■ **Task description**
Your answer should give again, exactly, the lines from the beginning of the entries below through the line containing "Протокол матча Копер против Брда Доброво". It must contain no pictures.

■ **Information**

::::

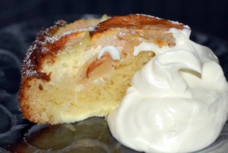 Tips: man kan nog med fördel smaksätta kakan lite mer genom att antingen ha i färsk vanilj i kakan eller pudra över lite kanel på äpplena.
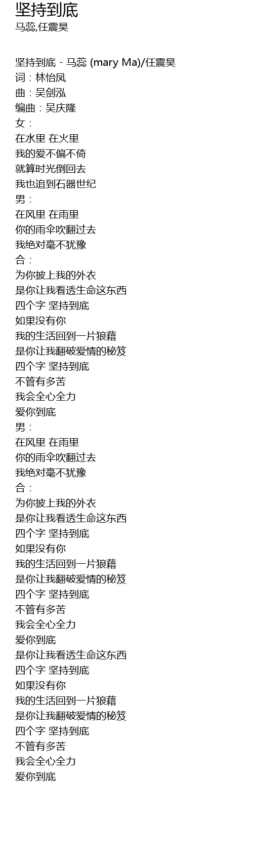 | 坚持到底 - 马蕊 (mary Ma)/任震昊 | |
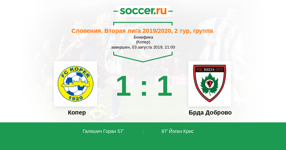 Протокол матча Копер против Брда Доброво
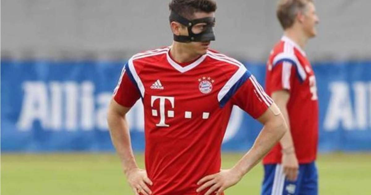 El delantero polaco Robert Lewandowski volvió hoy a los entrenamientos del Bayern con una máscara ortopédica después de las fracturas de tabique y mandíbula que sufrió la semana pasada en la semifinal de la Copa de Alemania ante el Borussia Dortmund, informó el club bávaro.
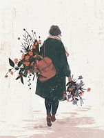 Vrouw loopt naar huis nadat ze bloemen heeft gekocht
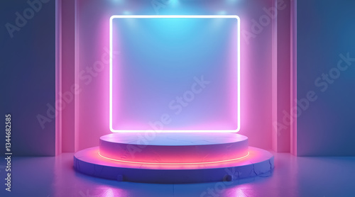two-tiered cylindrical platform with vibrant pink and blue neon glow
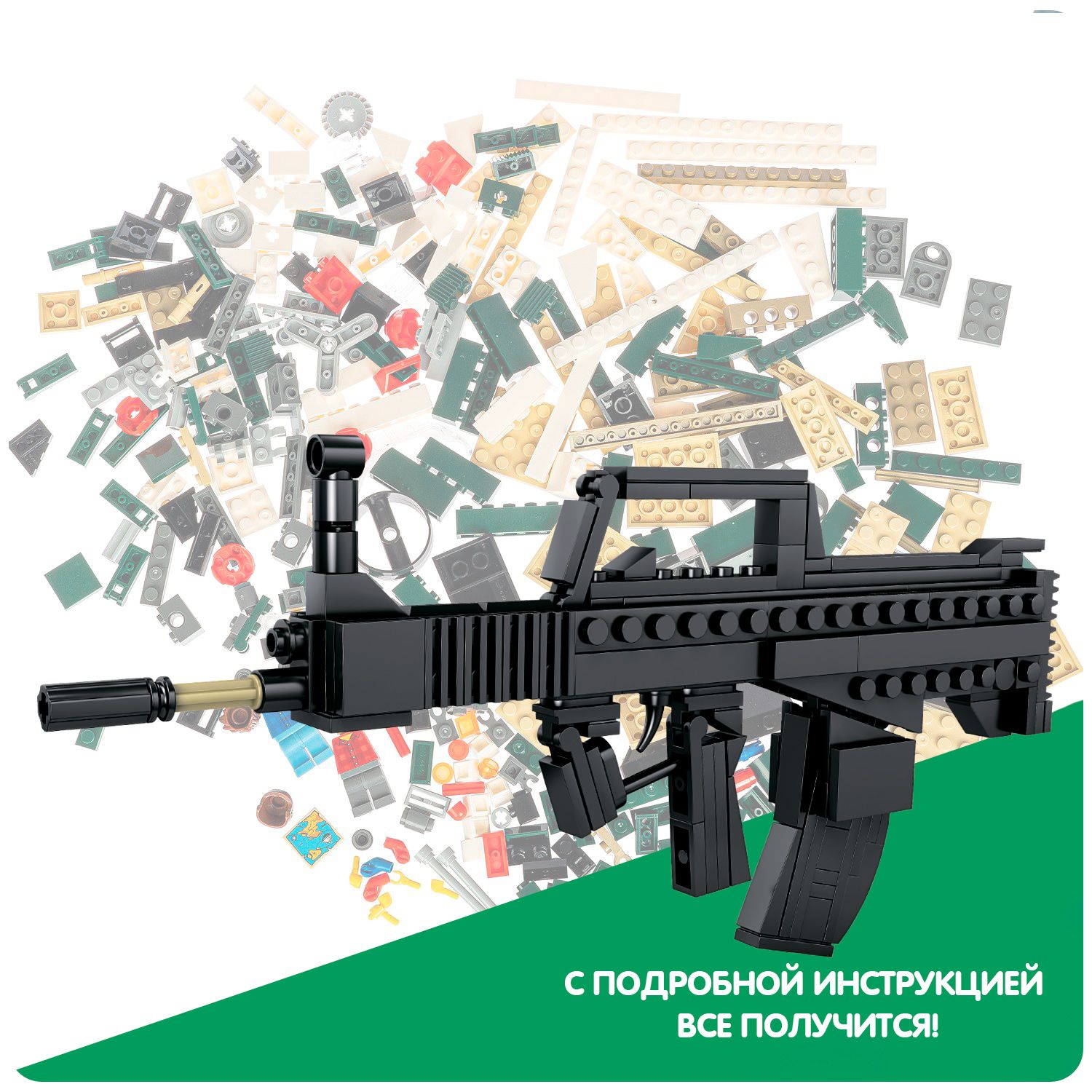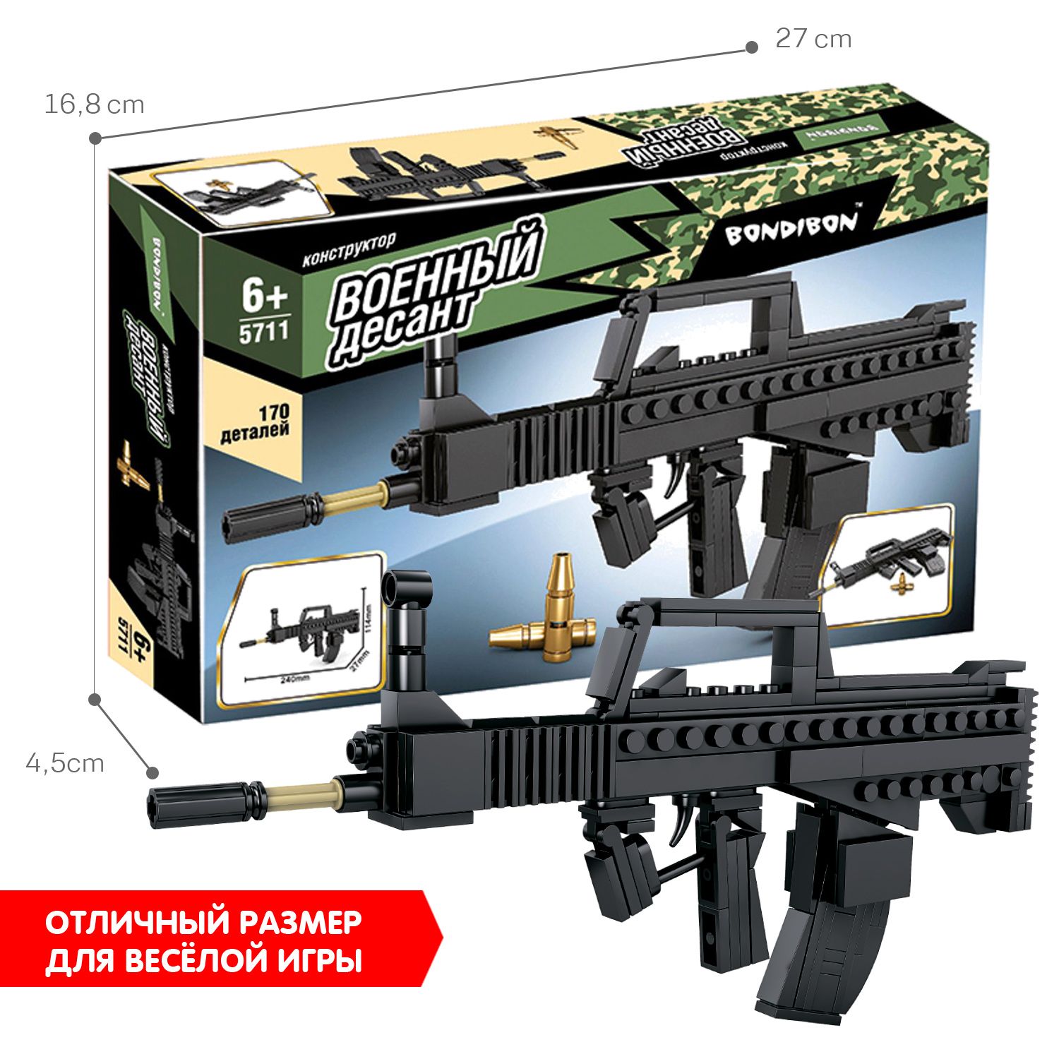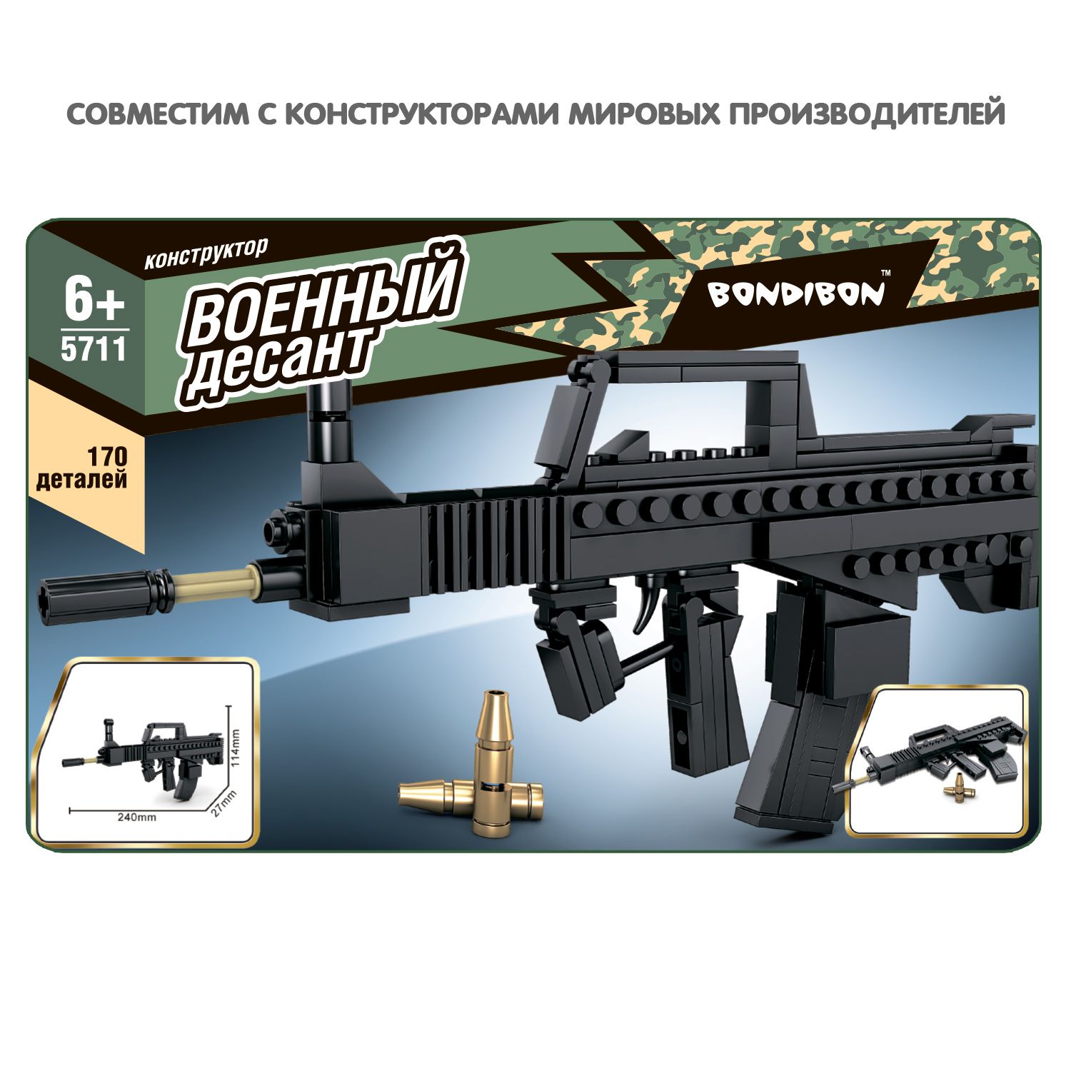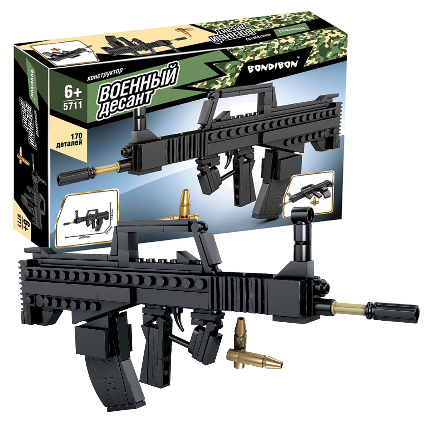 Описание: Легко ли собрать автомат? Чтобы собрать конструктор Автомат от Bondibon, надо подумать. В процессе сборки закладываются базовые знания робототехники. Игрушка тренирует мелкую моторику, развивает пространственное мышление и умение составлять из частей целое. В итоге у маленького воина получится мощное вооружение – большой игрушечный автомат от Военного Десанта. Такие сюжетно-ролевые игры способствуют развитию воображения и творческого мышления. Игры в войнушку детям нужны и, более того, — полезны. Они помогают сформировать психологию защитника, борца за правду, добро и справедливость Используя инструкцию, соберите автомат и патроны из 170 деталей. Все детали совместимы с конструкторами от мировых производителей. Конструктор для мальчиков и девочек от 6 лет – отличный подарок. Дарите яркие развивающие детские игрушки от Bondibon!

::::

■ **Task result**
 Tips: man kan nog med fördel smaksätta kakan lite mer genom att antingen ha i färsk vanilj i kakan eller pudra över lite kanel på äpplena.
 | 坚持到底 - 马蕊 (mary Ma)/任震昊 | |
 Протокол матча Копер против Брда Доброво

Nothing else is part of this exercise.